Von Belgien aus wiederum erfolgt der Transport nachts über Autobahnen. In Jena haben die Nahverkehrsmitarbeiter extra eine Baustelle an der Straße durchs Gewerbegebiet Göschwitz beräumt, um gut zum Betriebshof zu kommen. Knifflig wird es 500 Meter vorm Ziel. Eine 90-Grad-Kurve nahe der Kreuzung am Burgaupark zwingt einen Fahrer zu Rangier­manövern, bevor er die letzten Meter in den Hof rollt. Die 50 Tonnen schwere Bahn kommt sicher an.

Erste Fahrten mit Passagieren auf der Linie nicht vorm Herbst

„Ein kleiner Mosaikstein im großen Projekt ist damit geschafft“, sagt Minke. Mitarbeiter des Herstellers werden die Bahn auf die Schienen setzen und beide Teile montieren. Bis die Fahrgäste erstmals im Linienverkehr einsteigen, dauert es aber noch bis in den Herbst. Vorher stehen die Schulungen des Fahr­personals, aber auch eine Vielzahl von Tests für die Zulassung auf dem Programm.

Die Jenaer hatten entschieden, um zehn Zentimeter breitere Fahrzeuge anzuschaffen (real sind sie zwischen 12 und 15 Zentimeter breiter), um den Kunden ein besseres Raumgefühl zu verschaffen. Dies führt aber zu aufwändigen Umbauten im Netz: An Haltestellen müssen die Bahnsteigkanten kurzgesägt werden. Wegen der längeren Züge hat der Nahverkehr die Werkstatt erweitert. Unterm Strich stehen Kosten von 153 Millionen Euro fürs gesamte Projekt.

Thüringen fördert die Anschaffung der Straßenbahnen

Die 16 langen Züge kosten jeweils gut vier Millionen Euro, von denen der Freistaat Thüringen die Hälfte trägt. Jena erhält acht weitere Fahrzeuge mit 32 Metern Länge, insgesamt also 24 Bahnen. Diese lösen die bisherigen Niederflurfahrzeuge ab, die teils länger als 25 Jahre gefahren sind und wegen eines zu kleinen Fuhrparks überdurchschnittlich gefordert waren. Untersuchungen hatten ergeben, dass Neuanschaffungen die wirtschaftlichste Lösung sind. Der Nahverkehr würde gern neun weitere Züge bestellen, um den Fuhrpark nahezu komplett zu modernisieren – doch die Finanzierung ist nicht geklärt.

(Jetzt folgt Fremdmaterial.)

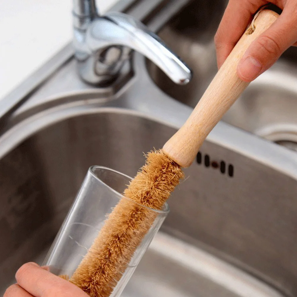 Противоскользящий инструмент для удаления грязи с висячим отверстием, натуральная угловая длинная чашка для чистки бутылок, аксессуары, деревянная ручка для домашней кухни

Siegmar Minke leitet das Lichtbahn-Projekt in Jena.
Siegmar Minke leitet das Lichtbahn-Projekt in Jena. © Tino Zippel

Zunächst hoffen sie, dass die bestellten Fahrzeuge eintreffen. Die Corona-Pandemie und der Ukraine-Krieg mit abgeschnittenen Lieferketten führten laut Minke zum Verzug im Projekt. Neuestes Ziel: „Bis Jahresende sollen zwölf neue Bahnen in Jena ankommen.“

Fakten zur Jenaer Lichtbahn:

• Der Jenaer Nahverkehr setzt ausschließlich Zweirichtungsfahrzeuge mit Führerständen an beiden Enden ein. Hintergrund ist, dass es auf mehreren Linien keine Wendeschleifen gibt.

• Die 16 langen Fahrzeuge mit 42 Metern Länge haben sieben Teile und bieten Platz für 241 Fahrgäste. Drei Multifunktionsbereiche stehen bereit für Rollstühle und Kinderwagen.

• Acht Züge mit 32 Metern Länge (Fünfteiler) haben je eine Kapazität von 180 Passagieren.

• Den regulären Betrieb sollen die langen Bahnen ab Herbst auf Linie 5 aufnehmen. Laut Jenaer Nahverkehr ist das Kundeninformationssystem in den Zügen von jedem Sitzplatz aus sichtbar. USB-Steckdosen bieten die Möglichkeit, während der Fahrt das Handy zu laden.